Lorsque les marcassins nés en captivité atteignaient les six mois, ils étaient placés dans un centre de pré-réintroduction en plein air situé à Potasali, près du parc national de Nameri. De nouveau, pendant environ six mois, les jeunes sangliers devaient explorer et s’adapter à la prairie recréée spécialement pour l’occasion. Après leur réintroduction, les animaux étaient surveillés grâce à des pièges photographiques, des émetteurs radio et des enquêtes de terrain.

 

UN DÉSERT VERT

La reproduction de ces sangliers n’est qu’une partie de la solution. Ils ont également besoin de prairies en bonne santé. Lors du repérage des potentiels sites de réintroduction, l’équipe a recherché des sols alluviaux, à savoir une zone où la terre est riche en gisements de minerai déversés par les rivières. Elle s’est également mise en quête de certaines espèces de graminées et de plantes indigènes. L’habitat devait mesurer environ 5 km².

Malheureusement, il est difficile de trouver de telles régions. Les prairies de l’Assam sont en baisse, dégradées et morcelées.

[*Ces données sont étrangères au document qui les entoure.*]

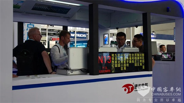 此次展会,通达电气展出的城市智慧交通管理云平台、车载智能系列、公交多媒体信息发布系列、车载部件系列等产品,也吸引了不少行业观展人员、业内专家的关注及咨询,工作人员为前来咨询的人员详细介绍展品及其性能与优势,根据不同使用场景的需求,为客户推介相应的产品以及专业的整体解决方案。

La surface de Bornadi, la réserve où les sangliers avaient été repérés en 1971, a chuté de 10 km² à moins de 1,29 km².

Par le passé, des brûlages clandestins et hasardeux ont créé des espaces ouverts et du fourrage frais pour le bétail. Ces territoires représentent alors une menace pour les sangliers, notamment pendant la période d’accouplement et de reproduction. Ces brûlages constants entraînent également la pousse de mauvaises herbes, empêchant ainsi les graminées indigènes de prospérer.

« Ça semble très verdoyant, mais j’appelle ça un désert vert, parce que rien ne pousse là-bas », déplore M. Deka.

C’est la raison pour laquelle l’équipe de défenseurs de l’environnement travaille main dans la main avec les communautés locales et les responsables forestiers pour comprendre comment réduire la pression qui pèse sur les prairies. Ils aspirent également au développement de meilleures pratiques de gestion des habitats.

« Lorsque nous patrouillons, nous coupons les espèces telles que les herbes du Laos et les kapokiers rouges, qui menacent les praires », explique Arjun Kumar Rabha, garde-forestier au parc national de Manas. Depuis six ans, il collabore avec les conservateurs des sangliers nains. « Auparavant, les brûlages des prairies n’étaient pas surveillés à cause des tensions sociopolitiques de la région. Maintenant nous pratiquons des brûlages encadrés. »

L’équipe encourage également la création de pare-feu entre les zones de prairie pour s’assurer que les brasiers ne se propagent pas. Cette mesure permet également d’espacer les brûlages de plusieurs semaines, ce qui laisse l’occasion à de nouveaux végétaux de pousser. Ainsi, les sangliers et les autres espèces dépendantes des prairies peuvent migrer dans ces zones.

Le but, c’est de restaurer au moins 28 km² de prairie au sein du parc national de Manas d’ici 2025, promet Parag Deka. Un jour, les sangliers repeupleront les prairies et prospèreront, conclut-il.

 

Cet article a initialement paru sur le site nationalgeographic.com en langue anglaise.